Pakistan’s finance ministry said the government and the IMF would work together on policy priorities and reforms aimed at reducing imbalances and sustaining jobs. “In this regard, deliberations between Pakistani authorities and IMF staff will continue to finalise an agreement on the contours of a program,” it said in a statement. Pakistani officials have said they are worried that strict IMF conditions could constrain growth prospects.

The armed forces continue to control foreign policy. Lack of political stability, uncompetitive and low-value exports and imported machinery mean that the balance of payments deck is stacked against it. Shortfalls in power and high tariffs have gutted Pakistan’s manufacturing base. Also, the inflow of foreign currency and overvaluation of the Pakistani rupee has damaged the domestic industry.

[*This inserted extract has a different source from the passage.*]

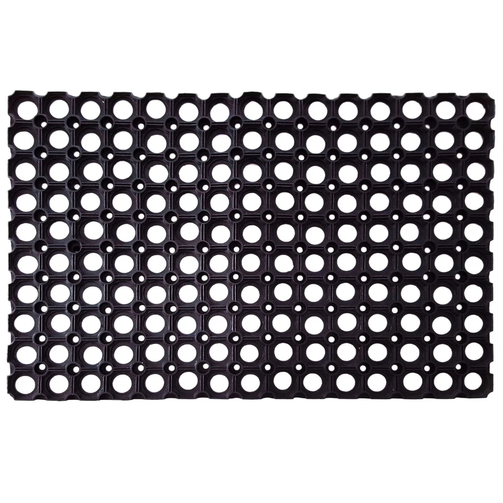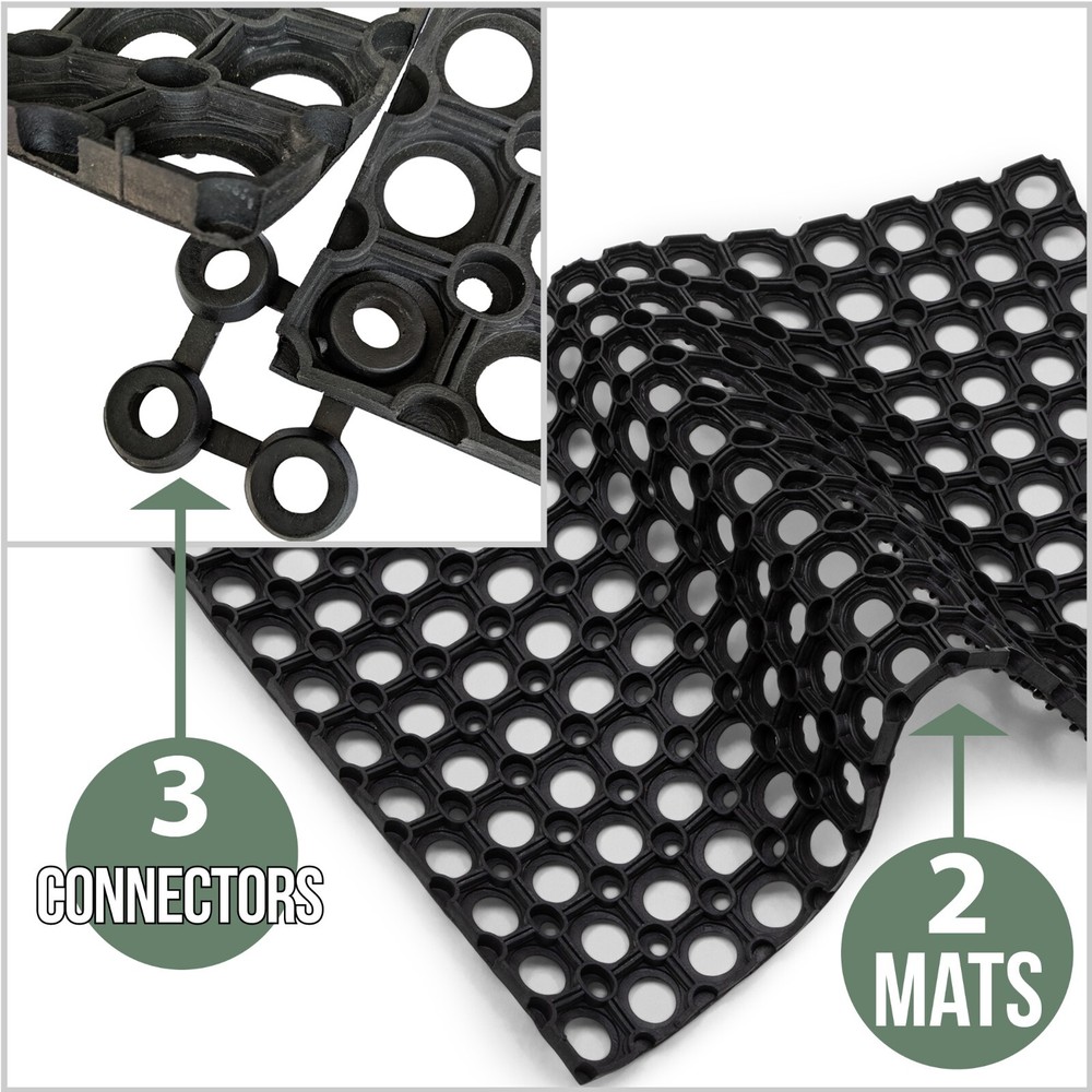 Rubber Mat With Drain Holes: The drainage holes allow liquid and waste to pass through, making this rubber matting easy to clean and stain resistant, providing a clean, dry, and safe work area Anti-Fatigue Mat: Anti-fatigue properties provide all-day comfort when standing for long periods. Perfect for in-plant applications including workstations, assembly lines, and more Home, Industrial, Commercial Use: Ideal for kitchens, food service environments like restaurants and bars, auto body shops, mechanic garages, as well as industrial applications Size/Design: Measuring 24 x 16 inches (61 x 40.6 cm). Low-profile design, 5/8 inch thick (16 mm), for indoor or outdoor use. Small pins on the bottom keep the mat up off the floor so water can drain beneath Includes: 2 interlocking drainage mats and 3 connectors

The IMF is calling for structural reforms to the Pakistani economy, which has struggled to build up its manufacturing sector and strengthen exports, despite a sharp fall in its currency over the past year. The economic reforms include fiscal and monetary measures, corrective interventions for balance of payments sustainability, pro-poor spending, governance and development of a business-friendly environment.

Khan’s government has taken measures to tackle the fiscal deficit by increasing exports and attracting investments. Besides tax reforms, the government has made changes to bring ease of doing business. Citing immense potential for religious tourism, Pakistan has initiated new programs. The immediate balance of payment crisis has been averted with the help of China, UAE and Saudi Arabia.

Assessment

Our assessment is that the bailout packages from Middle Eastern countries and China weren’t sufficient to stabilize the economy and stop the mounting financial crisis. It can be noted that Pakistan has the potential to revamp its economy but the funding from China is likely to pull it back into a debt trap. China is lending in US dollars, for which Pakistan needs a large trade surplus. Pakistan has not been able to export enough. It is likely that if Pakistan cannot repay China, that they will be forced to hand over their key national assets, like in the case of Sri Lanka handing over Hambantota port and Kenya losing Mombasa port to China.